* **How to complete this task**
After locating "Дзеркала для мотоциклів" in the listing below, copy that line and each one after it exactly, ending with the line that has "Ze śrubami z".

* **Data under study**

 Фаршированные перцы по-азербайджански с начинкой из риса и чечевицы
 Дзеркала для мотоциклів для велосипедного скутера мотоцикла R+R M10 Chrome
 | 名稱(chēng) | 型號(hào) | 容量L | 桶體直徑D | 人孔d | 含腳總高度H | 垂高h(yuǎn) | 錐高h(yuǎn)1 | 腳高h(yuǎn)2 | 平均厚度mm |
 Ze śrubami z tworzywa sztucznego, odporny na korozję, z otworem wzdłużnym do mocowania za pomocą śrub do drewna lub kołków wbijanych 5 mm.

--

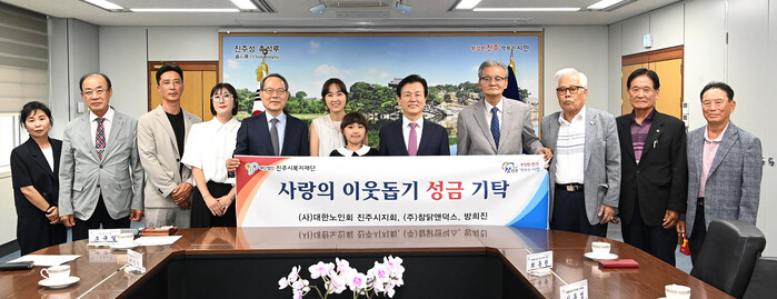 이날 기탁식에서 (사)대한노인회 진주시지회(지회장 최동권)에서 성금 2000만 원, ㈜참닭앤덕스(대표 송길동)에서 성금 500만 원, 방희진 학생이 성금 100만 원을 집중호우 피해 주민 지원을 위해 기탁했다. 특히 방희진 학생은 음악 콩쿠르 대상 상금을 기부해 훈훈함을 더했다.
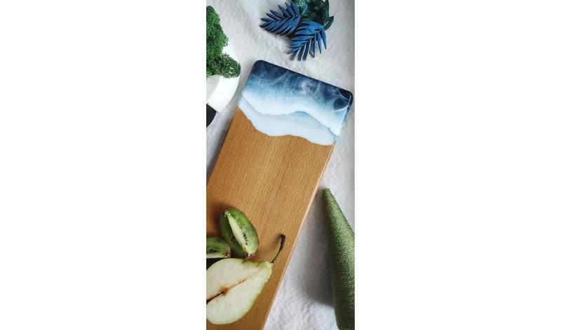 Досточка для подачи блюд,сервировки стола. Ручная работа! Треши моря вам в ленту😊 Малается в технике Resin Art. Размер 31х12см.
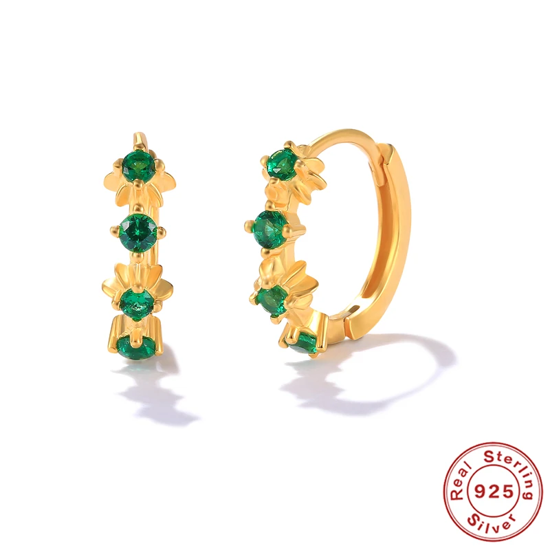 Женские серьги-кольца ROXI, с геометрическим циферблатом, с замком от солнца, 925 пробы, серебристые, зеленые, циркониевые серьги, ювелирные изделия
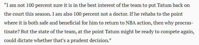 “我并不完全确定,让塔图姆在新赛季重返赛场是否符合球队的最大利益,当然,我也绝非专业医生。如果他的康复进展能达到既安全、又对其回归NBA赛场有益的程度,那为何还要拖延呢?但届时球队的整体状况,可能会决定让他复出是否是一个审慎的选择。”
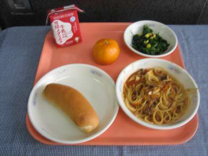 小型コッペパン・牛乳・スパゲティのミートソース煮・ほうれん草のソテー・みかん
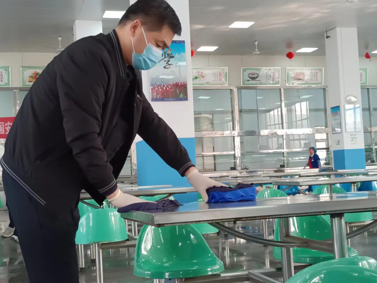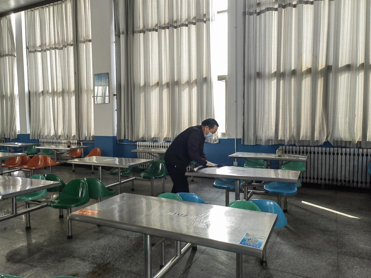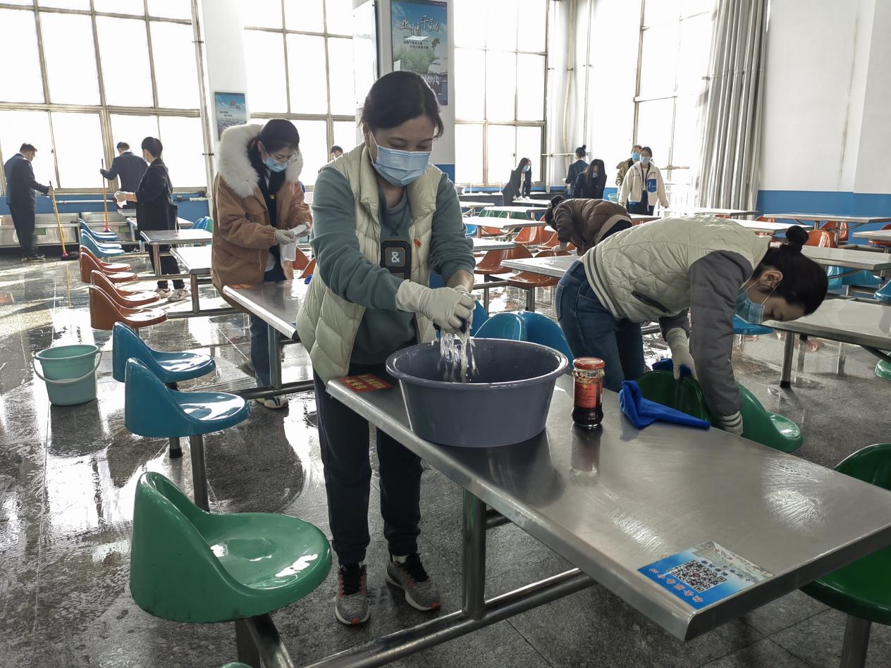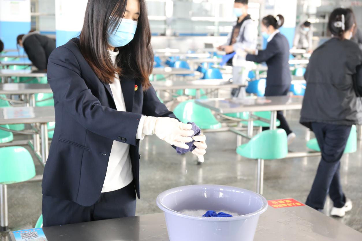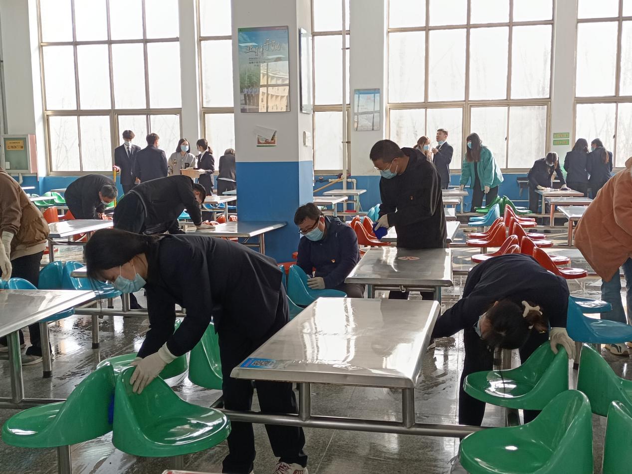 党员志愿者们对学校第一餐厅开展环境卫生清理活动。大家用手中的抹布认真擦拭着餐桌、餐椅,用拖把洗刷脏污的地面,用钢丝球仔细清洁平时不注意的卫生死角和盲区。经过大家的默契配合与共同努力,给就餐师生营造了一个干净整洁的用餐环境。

* **Task response**
 Дзеркала для мотоциклів для велосипедного скутера мотоцикла R+R M10 Chrome
 | 名稱(chēng) | 型號(hào) | 容量L | 桶體直徑D | 人孔d | 含腳總高度H | 垂高h(yuǎn) | 錐高h(yuǎn)1 | 腳高h(yuǎn)2 | 平均厚度mm |
 Ze śrubami z tworzywa sztucznego, odporny na korozję, z otworem wzdłużnym do mocowania za pomocą śrub do drewna lub kołków wbijanych 5 mm.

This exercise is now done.